The best approach for choosing \(K\) is to use domain knowledge when it is available. In the case where there is no prior knowledge of how many clusters we expect to find, we can use a data-driven approach for choosing \(K\). A common approach data-driven approach is known as the elbow method. This approach looks at the within-cluster sum of squares \(W(\delta)\) as the number of clusters changes, i.e., we compute \(W_1, W_2, \ldots, W_{K_{max}}\). \(W\) will decrease as the number of clusters increases, but we can look for the point where the decrease slows down. The intuition is that if we’ve used \(K\) clusters when really the data consist of \(K+1\) clusters, \(W_K-W_{K+1}\) will be large. In constrast, if there are really \(K\) clusters, and we use \(K^*>K\) then at least one of the estimated clusters must partition one of the natural groups, and so the change in \(W\) will be less. As you can see, this is not an exact science!

For the iris data, we can create an elbow plot using the fviz_nbclust command from the factoextra package.

fviz_nbclust(iris2, kmeans, method = "wss")
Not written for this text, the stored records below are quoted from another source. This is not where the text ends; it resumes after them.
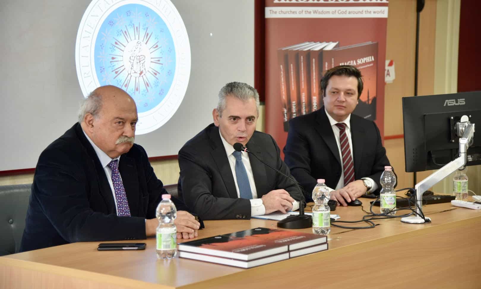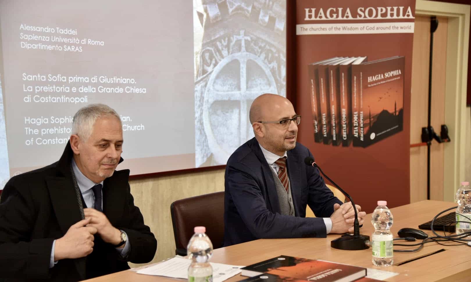 πραγματοποιήθηκε στο πανεπιστήμιο La Sapienza της Ρώμης. Εξαιρετικές εισηγήσεις ανέπτυξαν οι καθηγητές κ. Antonio Lacobini με θέμα «Η Αγία Σοφία του Ιουστινιανού. Ένα θαυμαστό αιώνιο μνημείο», και κ. Alessandro Taddei με θέμα «Η Αγία Σοφία πριν από τον Ιουστινιανό. Η προϊστορία της Μεγάλης Εκκλησίας της Κωνσταντινούπολης». Χαιρετισμό απηύθηναν η κοσμήτορας της Φιλοσοφικής Σχολής και Λογοτεχνίας, κ. Arianna Punzi, ο Διευθυντής του Τμήματος Ιστορίας Ανθρωπολογίας, Θρησκειών, Τέχνων και Θεάματος, καθηγητής κ. Gaetano Lettieri, ενώ την παρουσίαση συντόνισε ο αναπληρωτής καθηγητής Νεοελληνικής Γλώσσας και Λογοτεχνίας του Πανεπιστημίου Sapienza, κ. Χρήστος Μπιντούνης.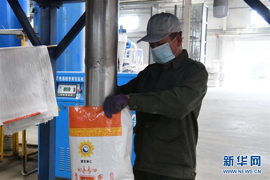 4月26日,中哈霍爾果斯國(guó)際邊境合作中心中方配套區(qū)內(nèi)的霍爾果斯霍克葵仁商貿(mào)有限公司生產(chǎn)車間內(nèi),員工將產(chǎn)品裝袋。3月以來(lái),在做好疫情防控的前提下,新疆霍爾果斯“口岸經(jīng)濟(jì)”加快復(fù)蘇,每天出入其中的商販和游客逐漸增多。與此同時(shí),位于中哈霍爾果斯國(guó)際邊境合作中心中方配套區(qū)內(nèi)的各家企業(yè)正抓緊時(shí)間生產(chǎn)。新華社記者顧煜攝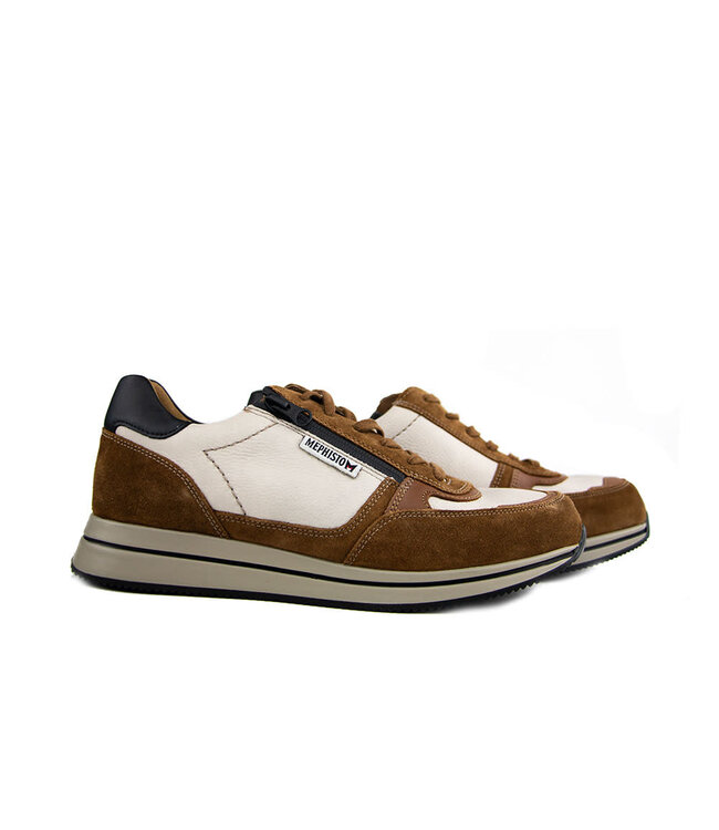 Sportieve cognac suède Mephisto Gilford sneakers. Deze comfortabele stappers zijn voorzien van offwhite leren inzetten met een fijne print, een blauw leren hiel en een beige zool met blauwe belijning rondom. Je trekt de sneakers gemakkelijk aan door de rits aan de zijkant. De gewatteerde elementen, stevige zool en sublieme pasvorm. Extra fijn is het uitneembare voetbed zodat je de sneakers met steunzolen kunt dragen. Een frisse kleurcombinatie die je gemakkelijk kunt matchen met je voorjaarsgarderobe.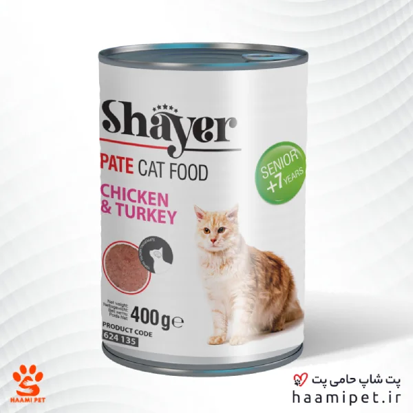 کنسرو پته گربه شایر با طعم مرغ و بوقلمون مدل سینیور 400 گرمی

In this case, I would probably decide there most likely three natural clusters in the data, as there is a reasonable decrease in \(W\) when moving from 2 to 3 clusters, but moving to 3 clusters only yields a minor improvement. Note here the slight increase in W in moving from 9 to 10 clusters. This is due to only using a greed search, rather than an exhaustive one (we know the best 10-group cluster must be better than the betst 9-group cluster, we just have found it).